Write out only the lines from the top of the listing below through the one with "司君峰先生与王莲明女士虽现在", exactly as they stand, while keeping pictures out of the copy.

## Information shown
╭──

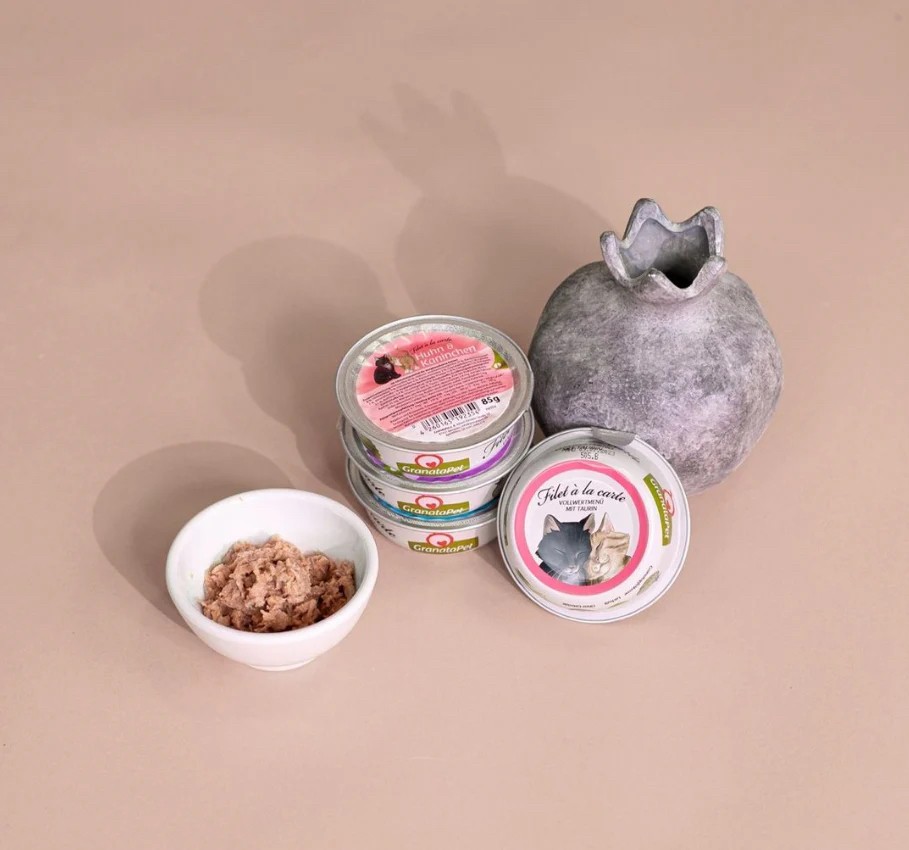 Our GranataPet Filet à la carte with Tuna & Turkey offers your cat a delicious meal with tender pieces of fillet. The extra juicy recipe is a culinary delight for even the most demanding cats and, thanks to high-quality salmon oil, not only ensures a shiny coat but also supports the immune system with our unique pomegranate seeds. This is a delicious treat that no velvet paw will want to miss out on.
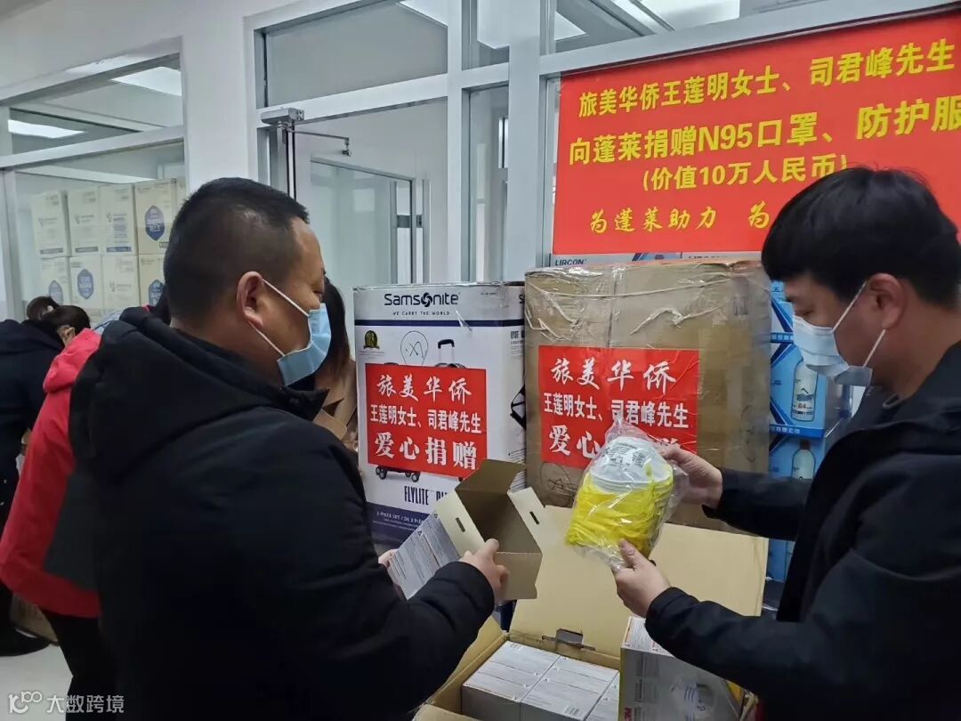 司君峰先生与王莲明女士虽现在身在美国,但一直关注着国内疫情的发展,两人得知家乡医疗物资短缺,奔波十几天,辗转美国各大商场医疗机构筹集到这些物资无偿捐赠给蓬莱,用于支援防疫一线。
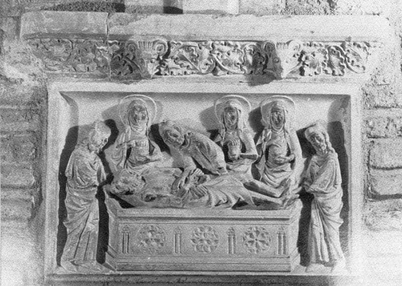 Cloître, intérieur : galerie sud, mur de la cinquième travée depuis l'ouest, retombée ornée d'un bas-relief représentant la Mise au tombeau

╰──

## Output below
 Our GranataPet Filet à la carte with Tuna & Turkey offers your cat a delicious meal with tender pieces of fillet. The extra juicy recipe is a culinary delight for even the most demanding cats and, thanks to high-quality salmon oil, not only ensures a shiny coat but also supports the immune system with our unique pomegranate seeds. This is a delicious treat that no velvet paw will want to miss out on.
 司君峰先生与王莲明女士虽现在身在美国,但一直关注着国内疫情的发展,两人得知家乡医疗物资短缺,奔波十几天,辗转美国各大商场医疗机构筹集到这些物资无偿捐赠给蓬莱,用于支援防疫一线。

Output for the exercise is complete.